» Entries shown
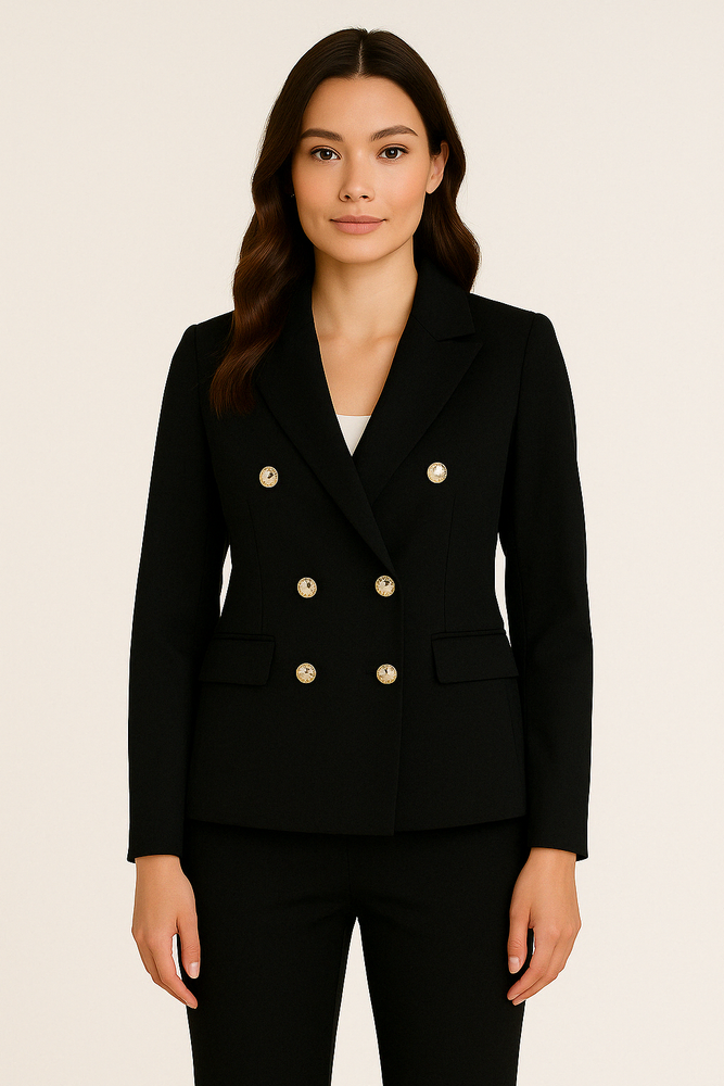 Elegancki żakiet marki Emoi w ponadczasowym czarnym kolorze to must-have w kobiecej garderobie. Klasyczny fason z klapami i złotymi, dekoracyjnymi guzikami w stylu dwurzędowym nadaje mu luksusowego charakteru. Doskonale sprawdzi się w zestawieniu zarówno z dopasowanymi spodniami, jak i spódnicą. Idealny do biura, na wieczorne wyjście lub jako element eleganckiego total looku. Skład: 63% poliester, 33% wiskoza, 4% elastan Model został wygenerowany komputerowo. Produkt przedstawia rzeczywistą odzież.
--
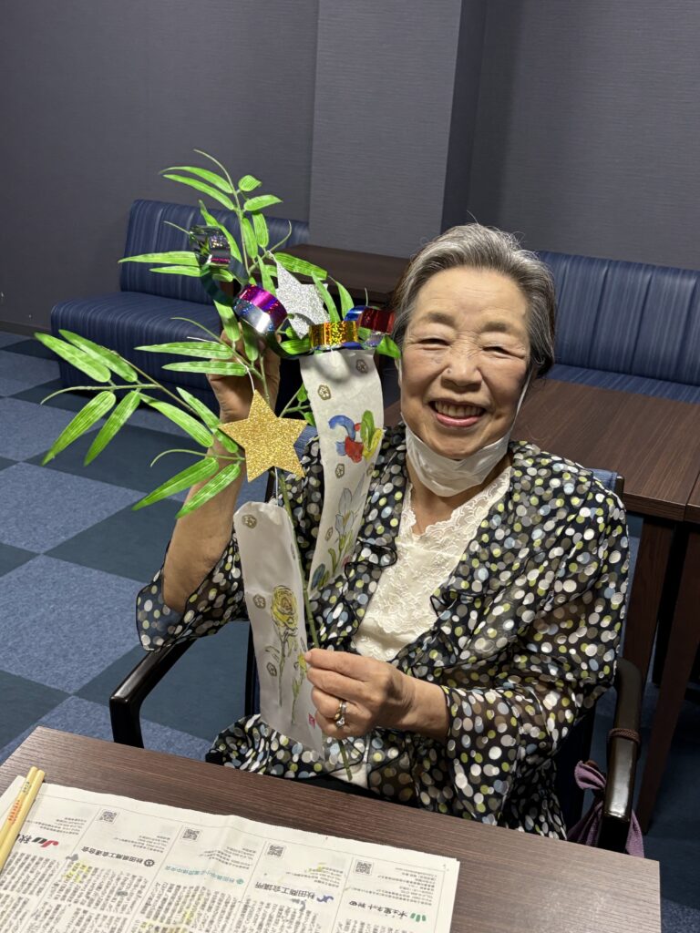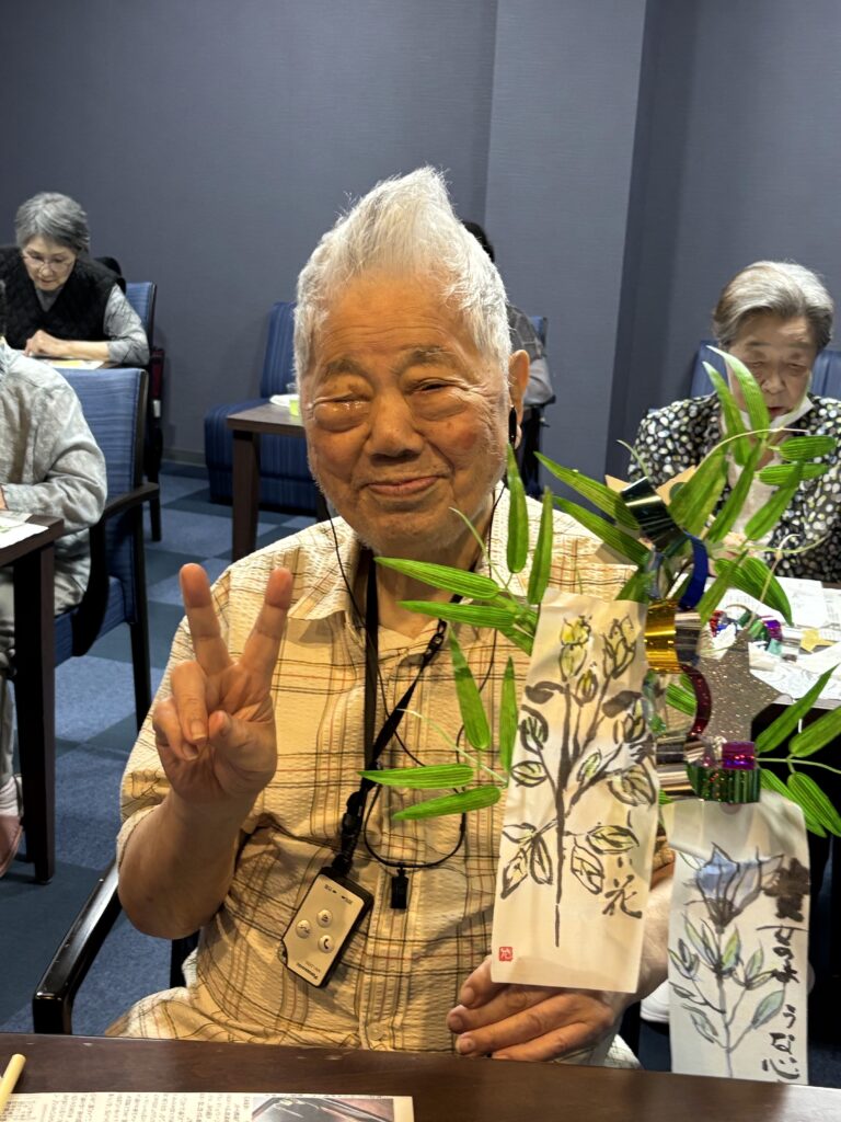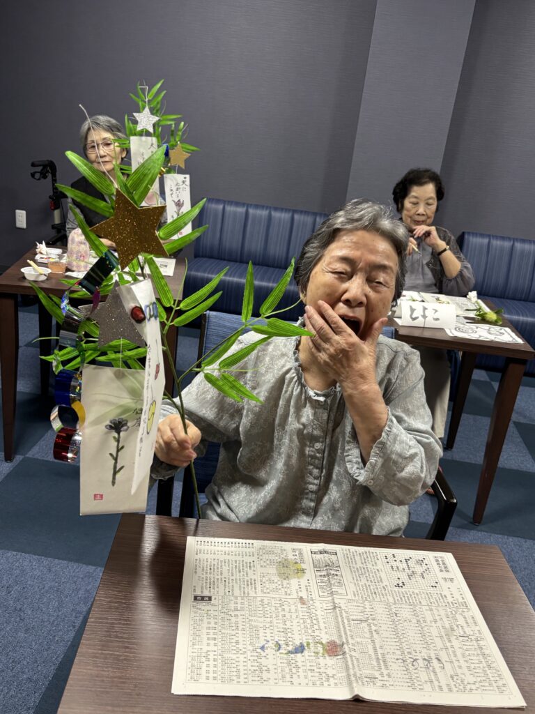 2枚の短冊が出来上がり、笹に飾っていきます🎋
* * *
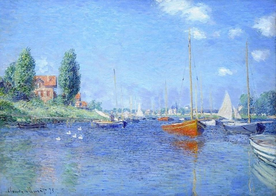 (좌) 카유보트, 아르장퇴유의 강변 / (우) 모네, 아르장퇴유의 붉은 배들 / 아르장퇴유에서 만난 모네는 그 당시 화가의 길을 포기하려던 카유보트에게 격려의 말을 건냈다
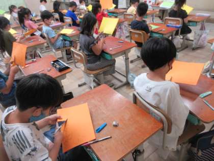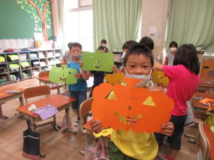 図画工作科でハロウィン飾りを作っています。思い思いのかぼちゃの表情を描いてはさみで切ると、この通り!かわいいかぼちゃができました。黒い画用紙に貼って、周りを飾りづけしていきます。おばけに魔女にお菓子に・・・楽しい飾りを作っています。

» Description of the task
Within the material above, find the part that opens with the line containing "(좌) 카유보트, 아르장퇴유의" and closes with the line containing "図画工作科でハロウィン飾りを", and reproduce it exactly without the pictures.

» Task answer
 (좌) 카유보트, 아르장퇴유의 강변 / (우) 모네, 아르장퇴유의 붉은 배들 / 아르장퇴유에서 만난 모네는 그 당시 화가의 길을 포기하려던 카유보트에게 격려의 말을 건냈다
 図画工作科でハロウィン飾りを作っています。思い思いのかぼちゃの表情を描いてはさみで切ると、この通り!かわいいかぼちゃができました。黒い画用紙に貼って、周りを飾りづけしていきます。おばけに魔女にお菓子に・・・楽しい飾りを作っています。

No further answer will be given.